- To do: The full listing is to be transcribed exactly, with each picture left out.

- Data provided:
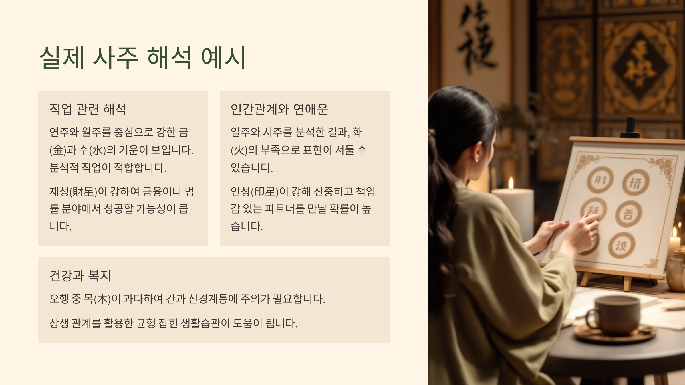 사주를 해석할 때 가장 중요한 건 ‘일간’을 중심으로 주변 요소들이 어떤 영향을 미치는지를 보는 거예요. 일간이 주인공이라면, 나머지 연주, 월주, 시주는 그 주변 인물과 환경이라 할 수 있어요. 마치 한 편의 드라마를 보는 것처럼 각 인물 간의 관계를 이해하는 게 포인트예요 🎭
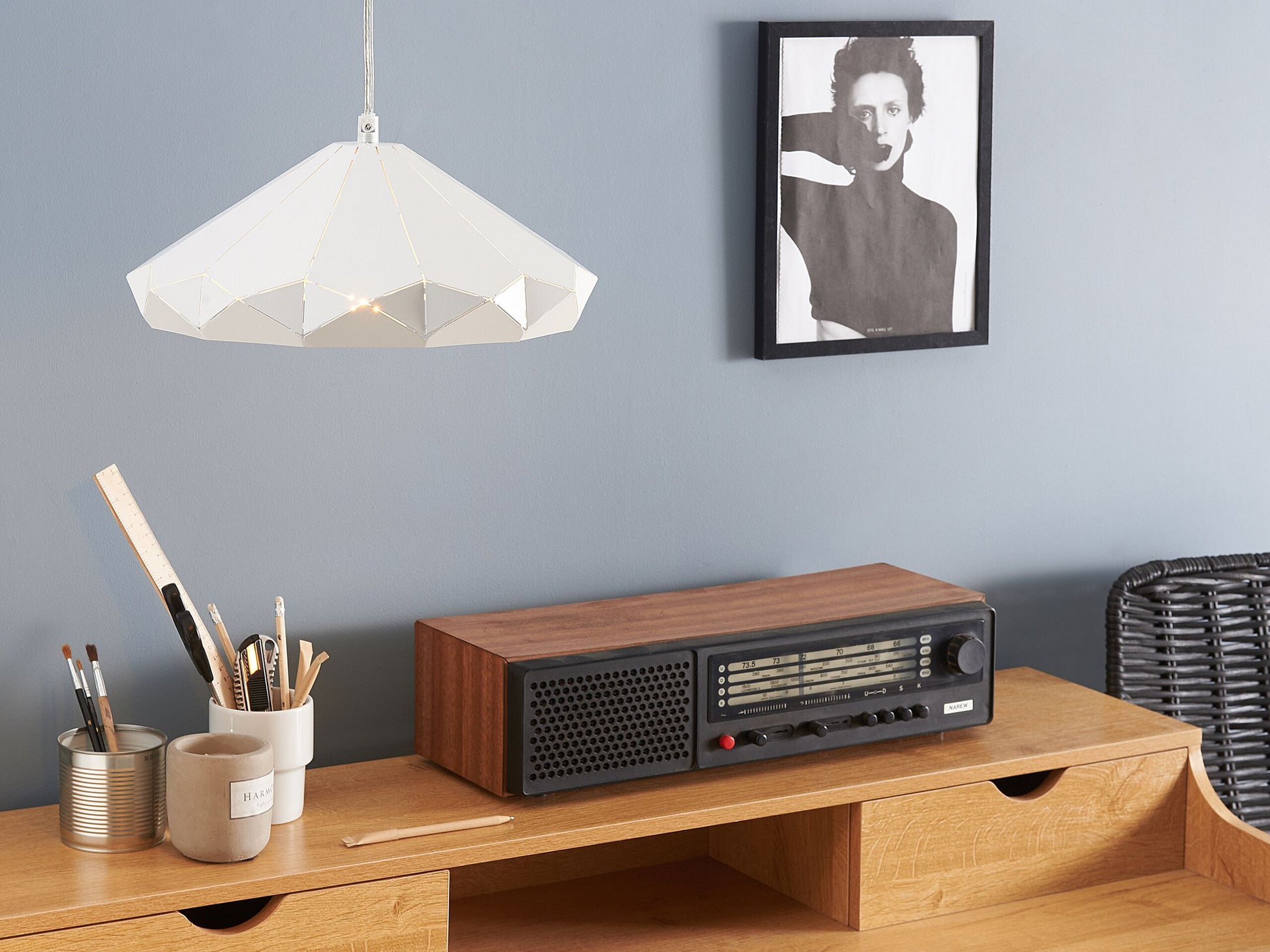 Eine schöne Pendelleuchte gehört einfach zu einem ausgewogenen Beleuchtungskonzept dazu, und diese Lampe setzt Ihre Räume ins beste Licht. Die schlichte, runde Form wird durch eine expressive Falt-Optik ergänzt, und mit ihrem dezenten Weiss passt sie zu allen modernen Wohnstilen. Der Lampenschirm ist aus robustem Metall gefertigt und lässt sich in allen Wohn- und Arbeitsbereichen inszenieren. Die Leuchte ist mit einem transparenten PVC Kabel ausgestattet. Material: Eisen. Zusätzliches Material: PVC. Gewicht: 1 Montage: Installation benötigt Das Angebot beinhaltet: 1 x Hängeleuchte, Nicht im Lieferumfang enthalten: Leuchtmittel Höhe: 112 zusätzliche Information: Diese Leuchte ist geeignet für Leuchtmittel der Energieklassen A bis G auf einer Skala von A (sehr effizient) bis G (weniger effizient). Geeignet für: LED Leuchtmittel, Eco-Halogen Leuchtmittel, Energiesparleuchtmittel., Die Stromkabel dürfen nur von einem qualifizierten Elektriker angepasst werden. Breite: 27 Tiefe: 27 Art: Hängelampe Stil: Modern Allgemeine Farbe: Weiss Hauptmaterial: Eisen Fassung: Max. 40 W IP Protection Code: IP 20
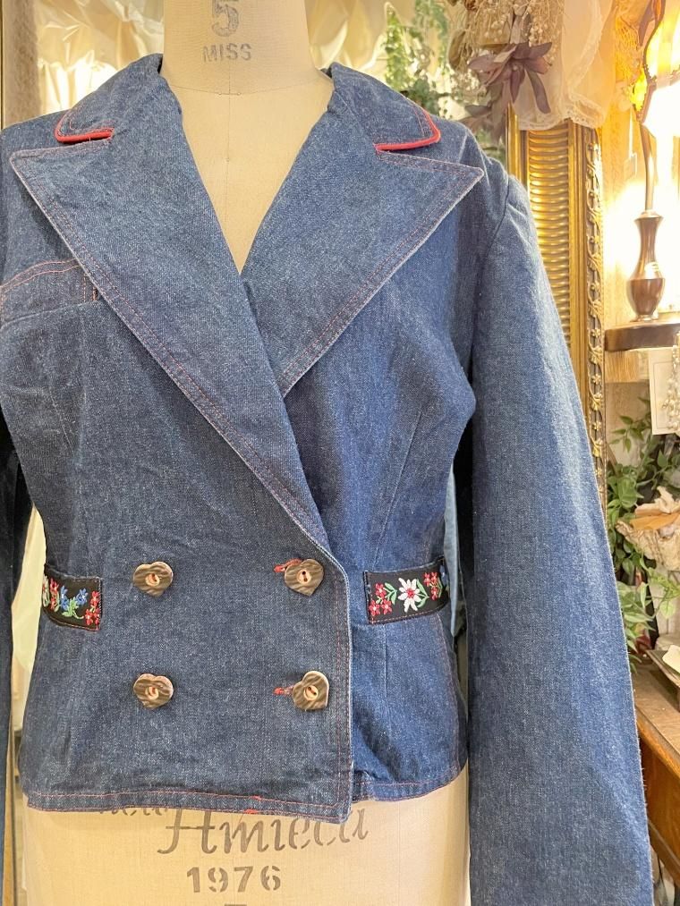 大きなカラーとハートのチロルボタンがガーリーなデザインです。

- Reply to the task:
 사주를 해석할 때 가장 중요한 건 ‘일간’을 중심으로 주변 요소들이 어떤 영향을 미치는지를 보는 거예요. 일간이 주인공이라면, 나머지 연주, 월주, 시주는 그 주변 인물과 환경이라 할 수 있어요. 마치 한 편의 드라마를 보는 것처럼 각 인물 간의 관계를 이해하는 게 포인트예요 🎭
 Eine schöne Pendelleuchte gehört einfach zu einem ausgewogenen Beleuchtungskonzept dazu, und diese Lampe setzt Ihre Räume ins beste Licht. Die schlichte, runde Form wird durch eine expressive Falt-Optik ergänzt, und mit ihrem dezenten Weiss passt sie zu allen modernen Wohnstilen. Der Lampenschirm ist aus robustem Metall gefertigt und lässt sich in allen Wohn- und Arbeitsbereichen inszenieren. Die Leuchte ist mit einem transparenten PVC Kabel ausgestattet. Material: Eisen. Zusätzliches Material: PVC. Gewicht: 1 Montage: Installation benötigt Das Angebot beinhaltet: 1 x Hängeleuchte, Nicht im Lieferumfang enthalten: Leuchtmittel Höhe: 112 zusätzliche Information: Diese Leuchte ist geeignet für Leuchtmittel der Energieklassen A bis G auf einer Skala von A (sehr effizient) bis G (weniger effizient). Geeignet für: LED Leuchtmittel, Eco-Halogen Leuchtmittel, Energiesparleuchtmittel., Die Stromkabel dürfen nur von einem qualifizierten Elektriker angepasst werden. Breite: 27 Tiefe: 27 Art: Hängelampe Stil: Modern Allgemeine Farbe: Weiss Hauptmaterial: Eisen Fassung: Max. 40 W IP Protection Code: IP 20
 大きなカラーとハートのチロルボタンがガーリーなデザインです。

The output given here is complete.